The demonstration will showcase the maneuverability of Lockheed’s fifth-generation fighter, and perhaps lay to rest claims that the F-35 cannot match some fourth-generation aircraft in power and performance. The Joint Strike Fighter’s maneuverability was famously called into question in July 2015, when a blogger got his hands on a report in which the aircraft was outclassed by the
F-16 in mock aerial combat.
The news of the upcoming performance also adds fuel to rumors that the F-35 may eventually replace the F-16 in the Air Force Thunderbirds, the service’s premier aerobatic team since 1953.
Lockheed pilots will conduct the demonstration, but Air Force pilots may fly the fighters across the Atlantic for the show, according to the service.
It is still not clear whether the demo will include one or two F-35s, or whether either will appear in the static park at Le Bourget. The Air Force will send two F-35As to the show, according to Col. David Lyons, commander of the 388th Fighter Wing at Hill AFB, Utah. One will be from Hill, and the other will be from Luke AFB, Arizona, where the Air Force trains its F-35 pilots and maintainers, Lyons said during a May 17 conference call.
The Air Force does not yet have an F-35 demonstration profile for air shows due to the limited number of aircraft, pilots and maintenance professionals, service spokesman Capt. Mark Graff said. The service plans to develop and perform F-35 aerial demonstrations – akin to performances by the Air Force Thunderbirds and F-22 Raptor Demonstration Team – beginning in 2018, building on lessons learned from the performance at Paris, he said.
Lockheed, on the other hand, has been developing an F-35 demonstration profile for some time, and the pilots will now begin practicing the routine at the company’s F-35 production facility in Fort Worth, Texas, according to company spokesman Mike Rein.
“While we look forward to demonstrating the unparalleled maneuverability of the F-35 to the world, we remain singularly focused on bringing the full combat capability of the F-35 to our nation,” Graff said. “We will build our demonstration profile based on the experiences and lessons learned from F-35 participation in other air shows and the Lockheed Martin demonstration at the 2017 Paris Air Show.”
The appearance will mark the F-35A’s second trip across the pond in just more than two months.
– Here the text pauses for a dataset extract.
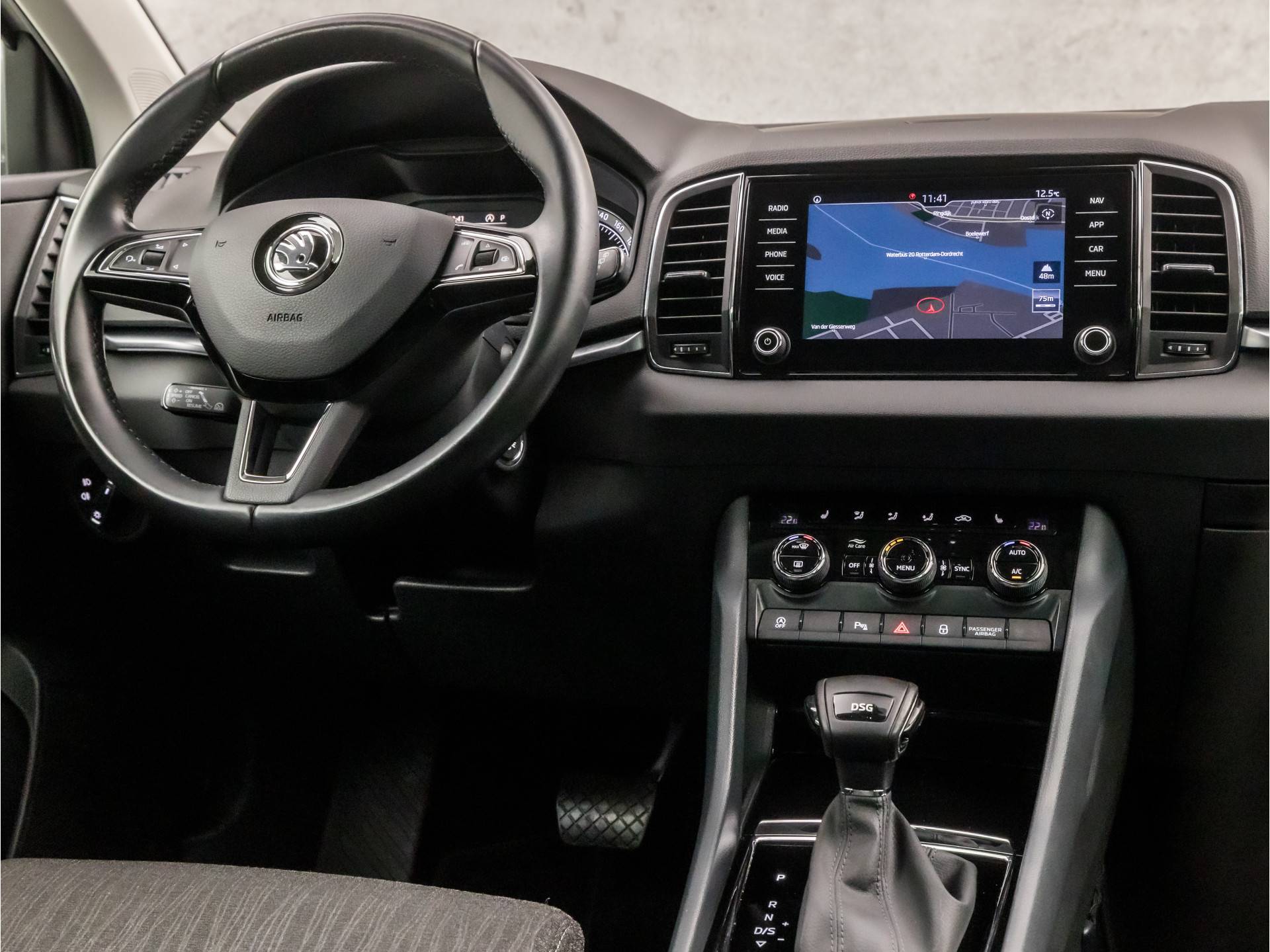 Met adaptive cruise control houdt de auto zelfstandig afstand tot uw voorligger. Een veiligheidsverhogende optie waarmee u comfortabel onderweg bent. Als u regelmatig met een aanhanger of een fietsendrager op pad bent, is de afneembare trekhaak een praktische extra. Terwijl het navigatiesysteem met harde schijf de ideale route voor u uitstippelt, geniet u van de kwaliteit van het audio-installatiesysteem met DAB-ontvangst. De bediening is bovendien gemakkelijk via knoppen op het stuur of via spraak. Kabelkluwens en stekkerslingers van smartphones zijn hier niet aan de orde. De draadloze oplaadmogelijkheid voor telefoons maakt opladen strak, simpel en snel. U verwacht natuurlijk automatische airconditioning in deze auto, en die is er dan ook. U bent in deze ŠKODA ook voorzien van WIFI-hotspot, sportstuur met schakelpaddels, parkeersensoren voor en achter, regensensor, keyless entry en automatisch dimmende binnenspiegel.

Eight F-35As from the Air Force’s 34th Fighter Squadron and the Air Force Reserve’s 419th Fighter Squadron based at Hill just arrived home after almost a month in Europe. They were conducting training missions with NATO allies as part of the European Reassurance Initiative. The F-35s, temporarily based at
RAF Lakenheath, England, flew to Estonia and Bulgaria during the deployment.
The successful Europe deployment was “a major stepping-stone” in the run-up to taking the F-35A into combat for the first time, should the squadron be required to do so, Lyons said.
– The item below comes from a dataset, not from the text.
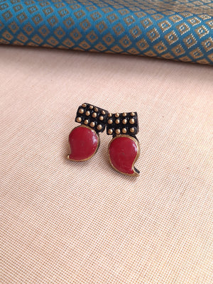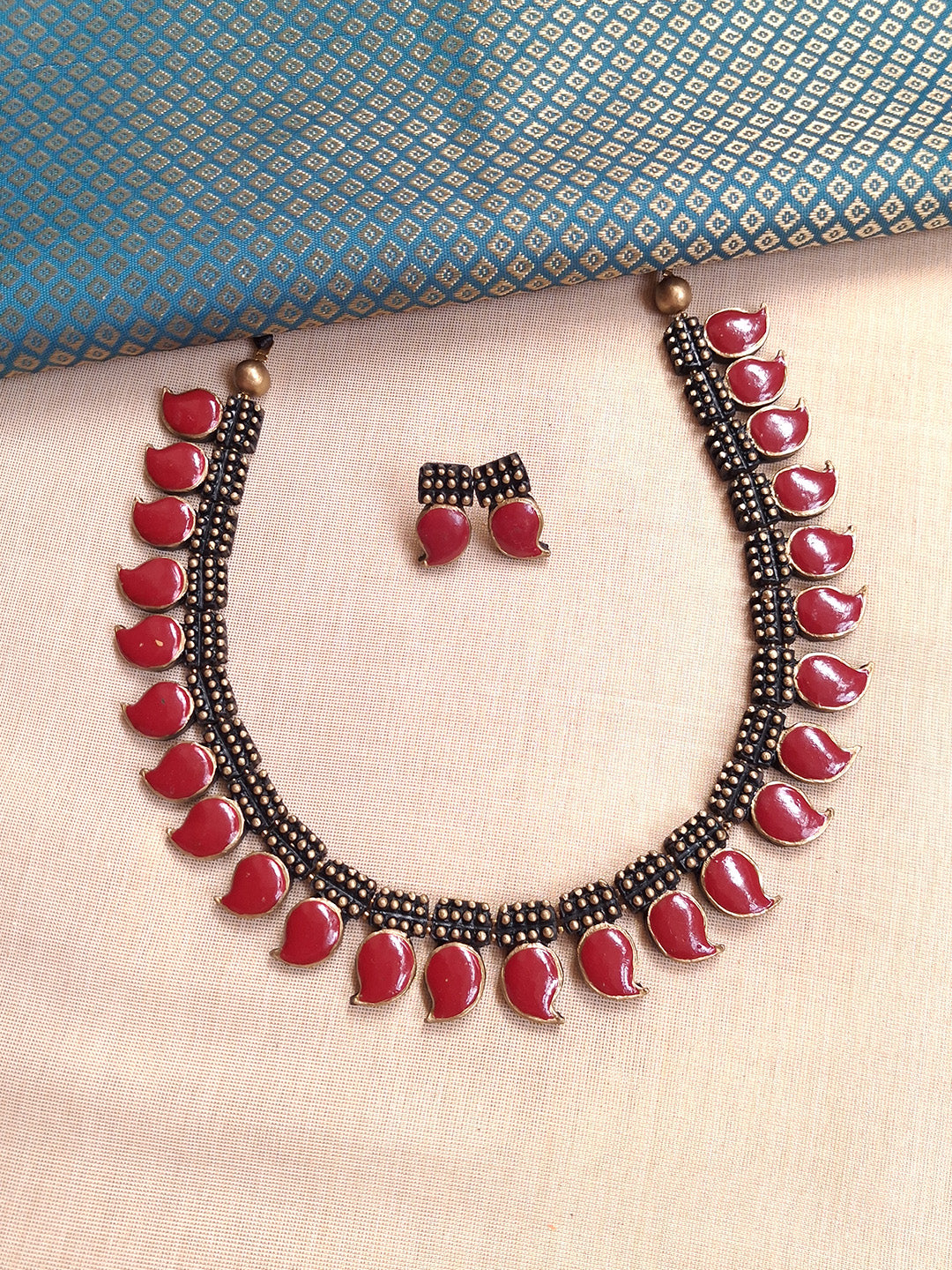 Handmade Terracotta Maroon Mango Motif Choker Necklace with Stud Earrings

“Now we know that we can take the F-35 and all the equipment and we can go wherever we want to go in the world and be bedded down,” Lyons said.
During the trip, the F-35 flew 80 out of a planned 84 sorties, with just four lost for maintenance-related issues. The team was able to repair those aircraft using parts in the deployable spares package they brought on the trip, Lyons said.
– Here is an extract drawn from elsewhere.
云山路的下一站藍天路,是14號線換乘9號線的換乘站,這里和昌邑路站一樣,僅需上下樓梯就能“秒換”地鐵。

Overall for the deployment, the mission capable rate was 87.5%—not perfect, but better than the F-16s currently flying in Spain, which clock in at 75% mission capable.
The team had no issues with the deployable Autonomic Logistics Information System (ALIS), the F-35’s internal logistics system designed to electronically track each part of each aircraft, Lyons noted.
“That really was at the end of the day one of the biggest objectives of the deployment was to prove that we could take the spares package, the ALIS, the personnel, the jets, all of the logistics train that goes along with this deployment,” Lyons said. “The greatest compliment was how routine this deployment felt.”